Intriguing results are also starting to come out of Phase I trials combining Genentech/Roche’s Herceptin (trastuzumab) and Genentech’s Avastin (bevacizumab) in advanced breast cancer. In this case again, researchers are looking at patients who have undergone surgery but are not getting chemotherapy. Those trials were prompted by evidence that HER2-positive patients, who are the ones receiving Herceptin, also have elevated levels of VEGF.

“We’re looking at Avastin with just about everything,” says Plowman. Because the drug makes cancers more sensitive to chemotherapy, it is being studied with standard treatment as well. But in other protocols, Plowman says, it is being combined with “Kinase inhibitors, mTOR inhibitors, hormonals, all the major classes of drugs.”

Pfizer, meanwhile, will be looking at Sutent in combination with its own new MEK inhibitor (PD0325901) as well as with other companies’ drugs, such as Genentech’s Tarceva. With so much still unknown, study design questions remain. “We need to be creative about how we do the trials to be successful,” says Baum.  

Target Information Boom

The trend is being fueled by two key factors — the availability of approved targeted therapies and the explosion in knowledge about them. But not all combinations are equally well planned. “At this point, the pairings are partly rational,” says Baum. “As we get more knowledge about the biology of each mutation driving individual tumors, it will become even more so.” In particular, he says, new targets from colorectal and non-small-cell lung cancer are feeding into this process.

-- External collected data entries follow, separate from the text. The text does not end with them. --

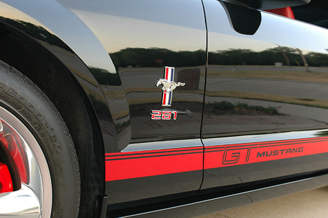How about using the Tri-bar Pony emblem with a 281 below it? That way the GT is implied by the displacement (identity) and it will look more Retro (in my opinion which isn't worth @#$%).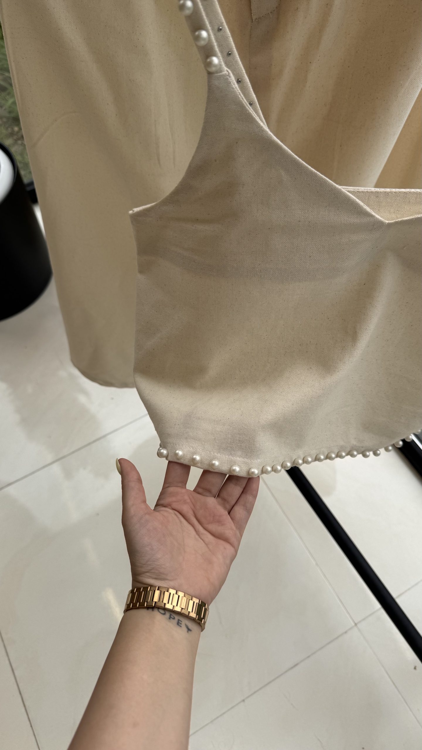 آماده سازی و ارسال این محصول 10-14 روز کاری زمان می برد جنس این کار لینن نچرال ترک می باشد شامل دو سایز می شود سایز 1 مناسب 34 تا 38 سایز 2 مناسب 40 تا 42 و 44 سایز ریز. بندها و پایین کار مروارید کار شده پشت کار بسته ست و زیپ کار نشده.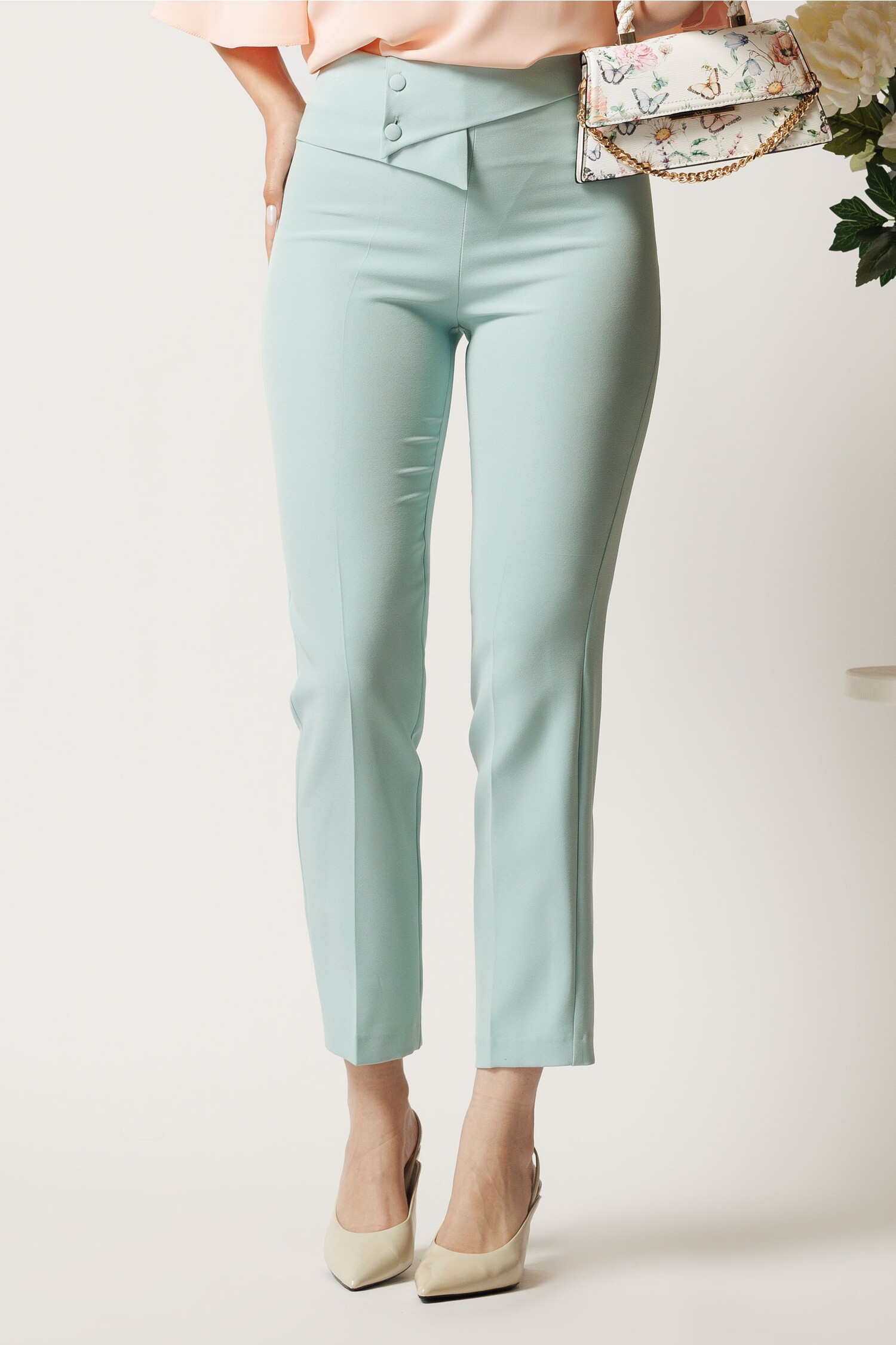 Descoperă pantalonii din stofă conici, verde mint, cu talie înaltă. Ideal pentru un stil office elegant. Adaugă în coș!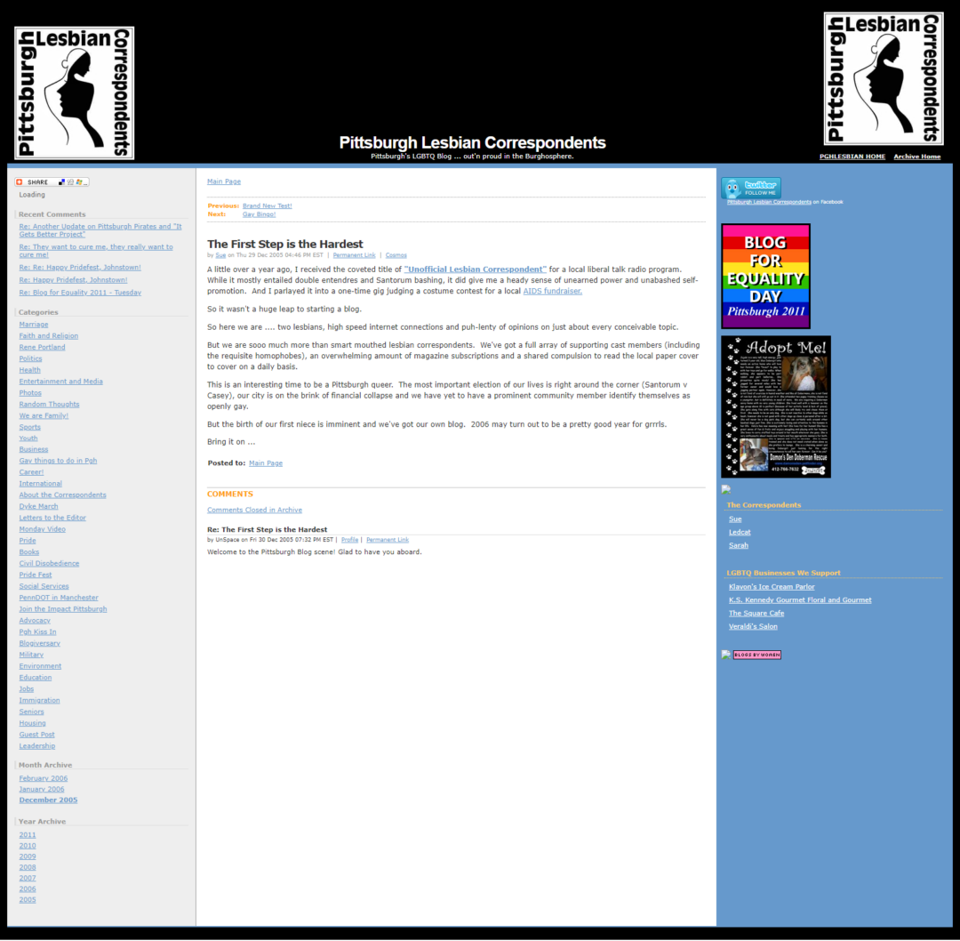 Pittsburgh Lesbian Correspondents faced a daunting stumbling block earlier in 2023 when Kerr had to give serious consideration to selling the blog to finance unexpected legal battles around her civil rights. Supporters came to her rescue, but the blog’s longevity relies on future investors, as does the preservation of Pittsburgh Lesbian Correspondents’ archives.

Drugs such as Pfizer’s Sutent (sunitinib) and more recently Bristol-Myers Squibb’s Sprycel (dasatinib) have already demonstrated the advantages of individual drugs that hit multiple targets. “In GIST, Sutent works mainly by targeting the c-Kit mutations, and in renal cell cancer its activity is more related to angiogenesis inhibition,” Baum explains. As a growing armamentarium of targeted drugs becomes available, scientists can learn more about exactly how these drugs add up.

One of the major questions is whether researchers should try to hit a single mechanism on multiple fronts, or instead, hit multiple mechanisms at once. The answer to that could vary from cancer to cancer. Researchers also want to know whether targeted drugs might also show synergistic toxicity. “Efficacy rules in cancer research,” Plowman says, “but you have to be careful for overlapping toxicities.”

Finally, questions about cost have been dogging targeted therapy developers since the field’s inception. These drugs are top sellers for their makers: Gleevec (imatinib), for example, netted Novartis more than $2 billion in 2005. Makers argue that these treatments are R&D intensive, and thus cost a lot to develop. All these drugs cost payers tens of thousands of dollars or more, however, so in doubling them up, researchers will need to show either real benefits for patients or other cost savings, such as less need for chemotherapy.